スズケン、AT&T/医療流通向け輸送管理ソリューション開発

2016年11月04日 

スズケンとAT&Tジャパンは11月4日、医療流通業界におけるIoTを活用した新たなソリューション開発に取り組むと発表した。

<医療流通向け輸送管理ソリューションの開発イメージ>
医療流通向け輸送管理ソリューションの開発イメージ

AT&Tが提供する輸送貨物の温度や衝撃、位置情報を可視化するデバイス「AT&T Cargo View with FlightSafe」、同製品の販売代理店であるユーピーアールが提供する、インターネット上で輸送状況を追跡できるシステム「World Keeper」に、スズケングループが持つ医薬流通のノウハウを組み合わせた、新たな輸送管理ソリューションを、スズケングループにおけるスペシャリティ医薬品の輸送に導入する。

今まで以上にメーカーや医療機関、保険薬局、患者さまにお役に立てる、スペシャリティ医薬品の流通における高品質で効率的な輸送管理体制が実現でき、高額医薬品や保冷医薬品の廃棄などの社会的コストの低減に貢献できるものと考えている。

今後、スズケングループ内でのIoT輸送管理ソリューションの展開だけでなく、IoTを活用したその他サービスの企画、開発に取り組んで行く。

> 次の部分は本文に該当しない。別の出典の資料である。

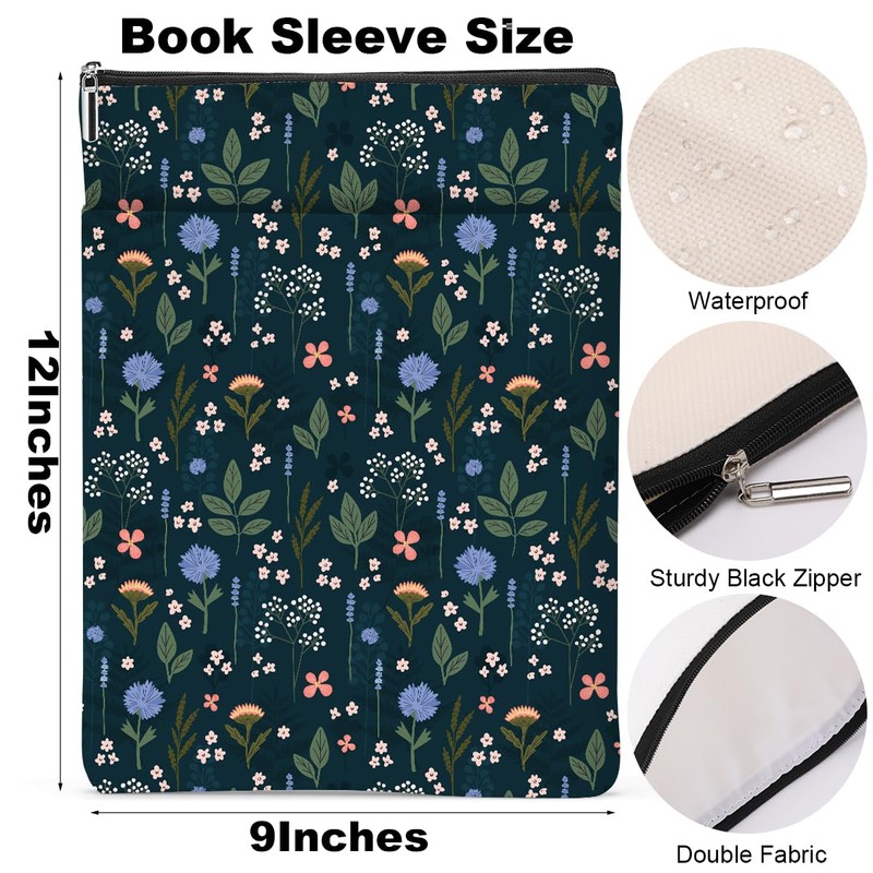 jealance Wildflower Pattern Book Lovers Gifts Waterproof Book Sleeve Book Pouch Book Protector with Zipper and Front Pocket BookCover Case for Women Girl Readers Librarian Book Accessories Book Club Gifts

AT&T Cargo View with FlightSafeは、そのうちCargo Viewが、世界約200か国にまたがるAT&Tのワイヤレス通信カバレッジを通じて、輸送貨物の温度や位置情報をリアルタイムにモニタリングし、貨物の管理品質と遅延と紛失のリスクを低減するソリューション。

物流会社は、これらのデータを中長期的に分析することで、サプライチェーンの最適化と輸送効率の向上を図ることができる。

FlightSafeにより、飛行機の離着陸、飛行中に発信が許されていない電波を自動的に停止することが可能。

ユーピーアールの貨物追跡システム「world Keeper」は、端末をトラックや配送品に取り付けるだけで、インターネット上で位置や温度、衝撃情報を追跡できるシステム。

医療業界では、抗悪性腫瘍剤や血友病治療剤、血漿製剤やアルブミン製剤、自己免疫治療剤、ワクチン、希少疾病治療剤などの高額で厳格な流通管理が求められる医薬品(以
下、スペシャリティ医薬品)の流通が増加している。

それに伴い、輸送状況を可視化し、その品質を担保することで、より高品質で効率的なスペシャリティ医薬品の輸送を実現する、新たなソリューションが求められていた。

このような課題の解決に向け、医療流通プラットフォームの強化に取り組むスズケングループと、IoTプラットフォームの充実に取り組むAT&Tが共同して、グローバルなIoT技術を活用した新たな輸送管理ソリューションの開発に取り組んでいく。